Saltar para: Post [1], Comentar [2], Pesquisa e Arquivos [3]




Internacionalização (parte 3)...

por Tomates e Grelos, em 17.12.12

Precisava de encontrar uma arma secreta, algo que me permitisse ter vantagem. A mesma vantagem que ela tinha ao olhar-me nos olhos enquanto demonstrava todo o seu conhecimento na arte de desarmar um homem.

- "Já sei!", pensei eu.

- "Vou privá-la de um dos seus sentidos.", decidi.

- "Isso dar-me-á vantagem.", antevi.

Procurei rapidamente algo que servisse o meu propósito. O cachecol que tinha deixado nas costas da cadeira era a arma perfeita. Avancei com o meu plano e coloquei-lhe a venda improvisada. Foi perceptível a surpresa dela. Estava no caminho certo para a vitória. Esta batalha seria minha.

 

 

Comecei por deitá-la. Colocá-la à minha mercê. Fazia questão de a torturar tanto ou mais do que ela tinha feito a mim. Afastei-lhe as pernas e elevei-as. Estava ao meu dispor.

 

 

O meu primeiro ataque foi deslizar os meus dedos pela seu sexo molhado e aberto. Estava deveras excitada. Senti-a estremecer ao aperceber-se do meu inesperado toque. Fiz o mesmo no seu peito. Fazia questão de me movimentar silenciosamente para que não pudesse antecipar o golpe seguinte. Senti o interior das suas coxas. Ferviam. Deslizei até sentir o seu suco nos meus dedos. Assim que estavam bem melosos, levei-os aos seus lábios. Ela recebeu-os com gulodice, abrindo os lábios e sugando o seu próprio néctar avidamente.

 

 

Era altura de trocar de arma. Na calha estava agora a boca.

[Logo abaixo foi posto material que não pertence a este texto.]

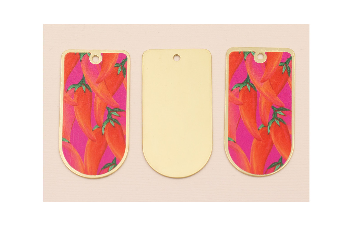 Pieza 50*25 Oro mate Pimientos sobre Fuxia

Usei especificamente a língua, numa simples passagem pelos seus lábios, com gosto e perfume de sexo feminino. O próximo alvo a abater era um dos seios, começando por baixo, subindo depois até ao mamilo, onde me demorei mais um pouco, com movimentos verticais, sentido-o endurecer à medida que o estimulava.

 

 

Continuei a minha demanda para sul, determinado em tomar o monte de Vénus. Era depilado e macio, como eu gosto. Tinha primeiro de assegurar o perímetro, antes de entrar. Assim o fiz. Com leves movimentos linguais, segui para sudoeste do monte, mesmo junto à virilha. Os seus arrepios eram um incentivo. Continuei para sul, até chegar à fronteira entre o sexo e o botão de rosa. Demorei-me mais um pouco. Não porque fosse mais difícil de tomar, mas sim para tornar a vitória final mais fácil. Como estava a gostar daquela batalha. Era tempo de fechar o círculo. Faltava-me conquistar o lado direito, antes de atacar o centro com toda a artilharia disponível.

 

 

Assegurado o perímetro, era tempo de atacar o principal baluarte. Aquele sexo seria meu e sentiria-o a latejar na minha boca. Lambi-o de baixo para cima, num movimento único. Sento o seu saber na minha boca. Voltei a fazê-lo. Voltou a estremecer. Ah como é bom saber que aquela mulher, orgulhosa no prazer que infligia, estava agora a deliciar-se com o prazer que eu lhe infligia. Mas isso não era satisfação suficiente para mim. Tinha de a deixar nua, descontrolada, desprotegida.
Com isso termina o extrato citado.